= Graphotype =

Method of producing printing blocks

Graphotype was a process of autographic engraving by which typographic printing blocks were produced.

==Process==
A block of chalk or some similar material is reduced to a level surface on which a design is drawn with a glutinous ink sufficiently fluid to penetrate into the porous chalk. When the ink is dry, gentle friction is applied to the surface of the block so as gradually to rub away those parts of the chalk which are not indurated by the glutinous ink. The lines of the drawing being thus left in relief, a perfect model of the required printing block is obtained and this model is next hardened by immersion in a bath containing a solution of an alkaline silicate. After this, the block is dried and reproduced by the stereotype or the electrotype process.

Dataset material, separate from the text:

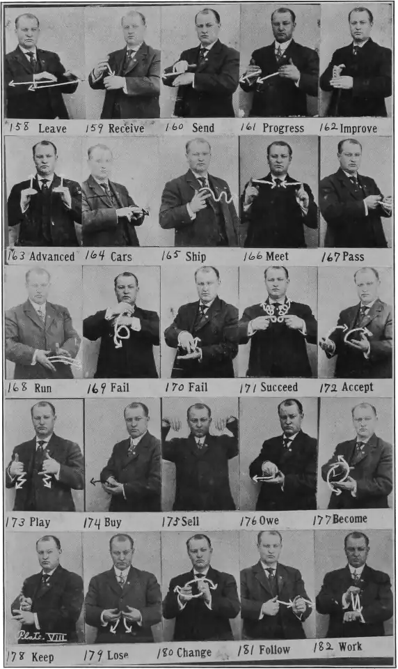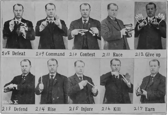 Order (to give a command).—Hold the end of the forefinger of the right "G" hand at the mouth, under the lower lip, give it a slight twist outward as in "speak," then elevate toward the right side, carrying the hand as far out as the shoulder, and as high as the head, then turn the hand so the palm is out and throw the hand forward and down. The hand stops before it goes clear down and the forefinger bends forward.

This method of typographic engraving was brought to a practical form and patented in 1860 by an American wood engraver, Mr. de Witt Clinton Hitchcock. The first step in his process is to reduce French chalk or talc to an extremely fine state of division by repeated grindings, elutriations, and siftings. After this is complete, a layer of the material (over an eighth of an inch in thickness) is forced down upon and made to adhere to a thick zinc plate, the necessary pressure being obtained by means of a hydraulic press, the platen of which is faced with a polished steel plate, so as to communicate a good surface to the layer of compressed French chalk. The device is now drawn reversed on the prepared block with an ink consisting of a weak solution of glue colored by lamp black or some other pigment. In drawing on the prepared block, care must be taken not to damage the somewhat tender surface of the compressed chalk and the safest instrument with which to apply the glutinous ink is a fine sable brush, but an ordinary pen may be employed if the operation of drawing is performed with caution. A pad of silk velvet or a fitch brush may be used for rubbing the block so as to leave the lines in relief, and it is quite sufficient to continue the friction until a depth equal to the thickness of an ordinary playing card is produced, the spaces corresponding to any extended whites of the engraving being then cut out by means of a tool. A 10% solution of sodium silicate may be used for hardening the block and, when dry, nothing remains but to take a mould from it and to reproduce it in metal.